**Try it**
Taking only the lines of the data below from the line with "Mieszkanie składa się" to the line with "3.3. IMP1 Binds CDC25A mRNA", ends included, write them out exactly and without pictures.

**Record set**
● ● ●

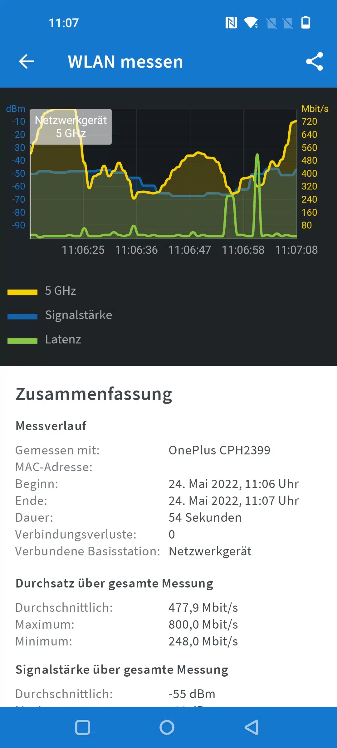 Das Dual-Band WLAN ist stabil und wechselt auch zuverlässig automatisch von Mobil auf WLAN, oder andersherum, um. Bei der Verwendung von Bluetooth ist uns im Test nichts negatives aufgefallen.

● ● ●

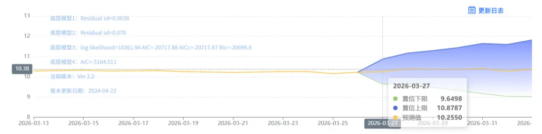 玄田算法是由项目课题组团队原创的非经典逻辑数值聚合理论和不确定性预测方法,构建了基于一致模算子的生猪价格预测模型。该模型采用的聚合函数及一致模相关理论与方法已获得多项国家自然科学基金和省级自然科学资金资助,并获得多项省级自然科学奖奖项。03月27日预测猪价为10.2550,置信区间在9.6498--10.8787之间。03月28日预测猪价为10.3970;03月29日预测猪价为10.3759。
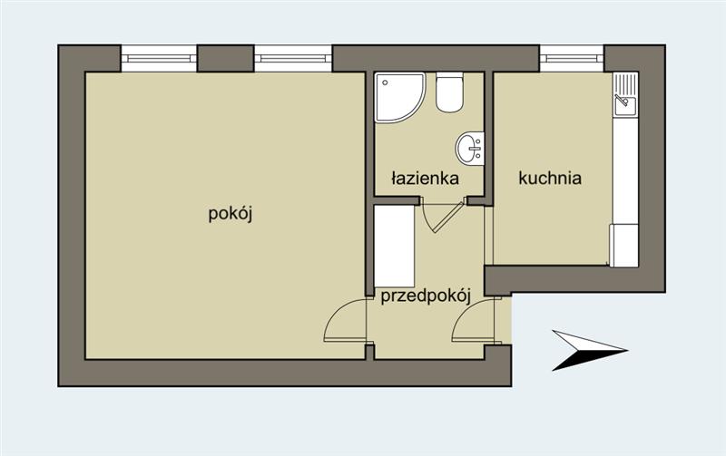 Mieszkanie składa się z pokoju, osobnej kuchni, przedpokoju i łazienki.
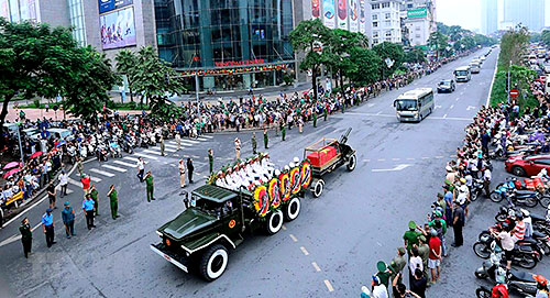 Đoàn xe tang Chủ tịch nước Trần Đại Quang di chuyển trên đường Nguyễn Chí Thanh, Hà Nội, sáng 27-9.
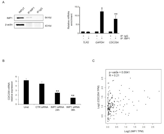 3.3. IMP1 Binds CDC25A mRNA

● ● ●

**Answer area**
 Mieszkanie składa się z pokoju, osobnej kuchni, przedpokoju i łazienki.
 Đoàn xe tang Chủ tịch nước Trần Đại Quang di chuyển trên đường Nguyễn Chí Thanh, Hà Nội, sáng 27-9.
 3.3. IMP1 Binds CDC25A mRNA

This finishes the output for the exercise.